[REQUIRED WORK]:
Locate the line that contains "9月23日上午,德州学院与德" in the data that follows. Copy it and every subsequent line to the end, exactly, excluding pictures.

[DATA EXCERPT]:
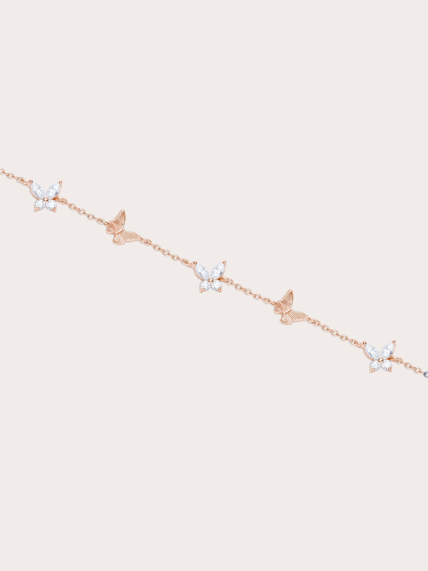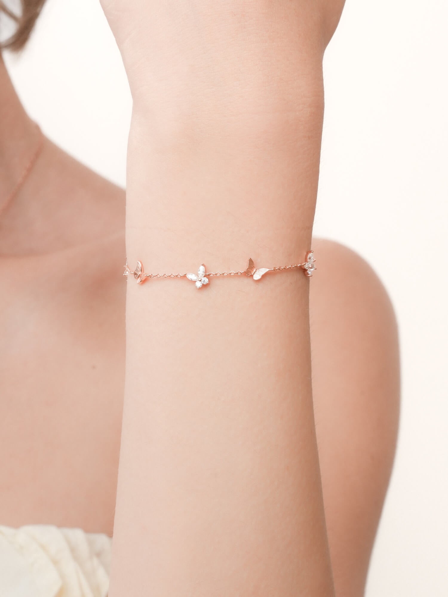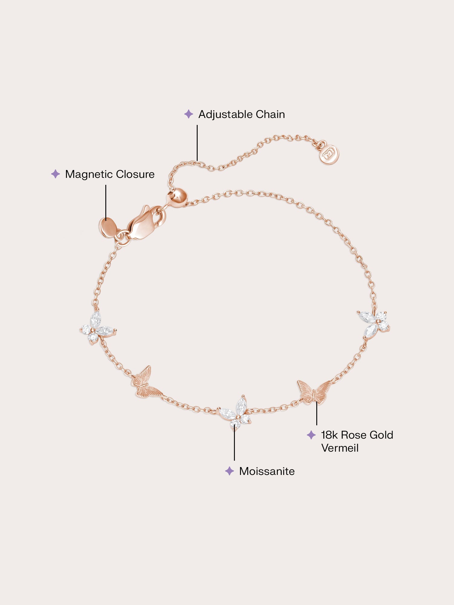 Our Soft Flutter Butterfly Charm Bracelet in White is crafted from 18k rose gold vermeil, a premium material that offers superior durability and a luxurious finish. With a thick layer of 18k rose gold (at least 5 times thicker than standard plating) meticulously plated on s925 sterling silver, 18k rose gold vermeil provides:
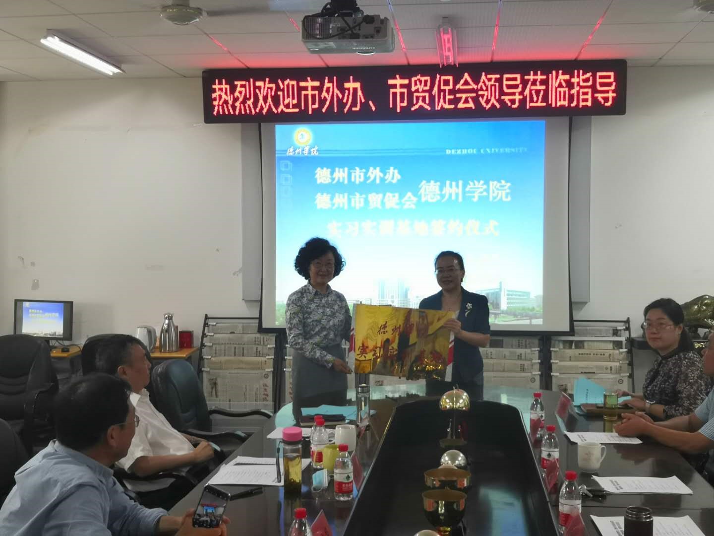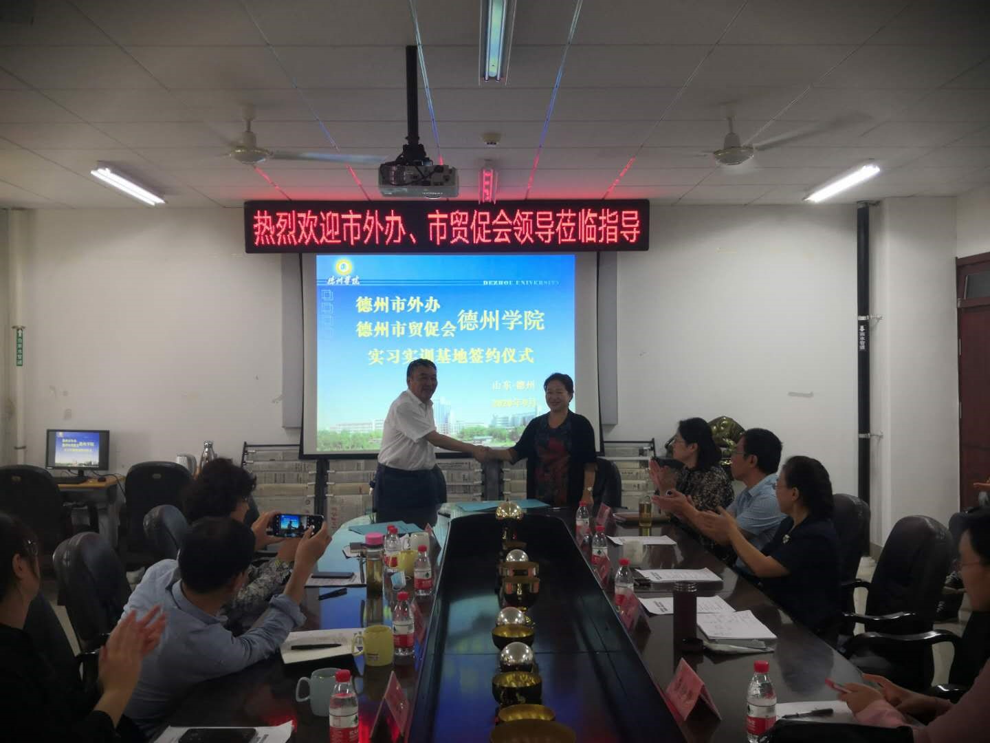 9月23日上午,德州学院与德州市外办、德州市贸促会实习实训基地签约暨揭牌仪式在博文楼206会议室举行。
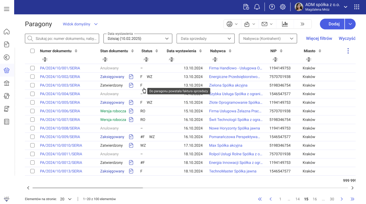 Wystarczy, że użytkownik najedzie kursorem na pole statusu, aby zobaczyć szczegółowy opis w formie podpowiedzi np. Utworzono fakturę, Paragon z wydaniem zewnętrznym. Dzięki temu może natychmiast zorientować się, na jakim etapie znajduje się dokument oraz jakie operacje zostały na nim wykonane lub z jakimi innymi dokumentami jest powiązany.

[WRITTEN RESPONSE]:
 9月23日上午,德州学院与德州市外办、德州市贸促会实习实训基地签约暨揭牌仪式在博文楼206会议室举行。
 Wystarczy, że użytkownik najedzie kursorem na pole statusu, aby zobaczyć szczegółowy opis w formie podpowiedzi np. Utworzono fakturę, Paragon z wydaniem zewnętrznym. Dzięki temu może natychmiast zorientować się, na jakim etapie znajduje się dokument oraz jakie operacje zostały na nim wykonane lub z jakimi innymi dokumentami jest powiązany.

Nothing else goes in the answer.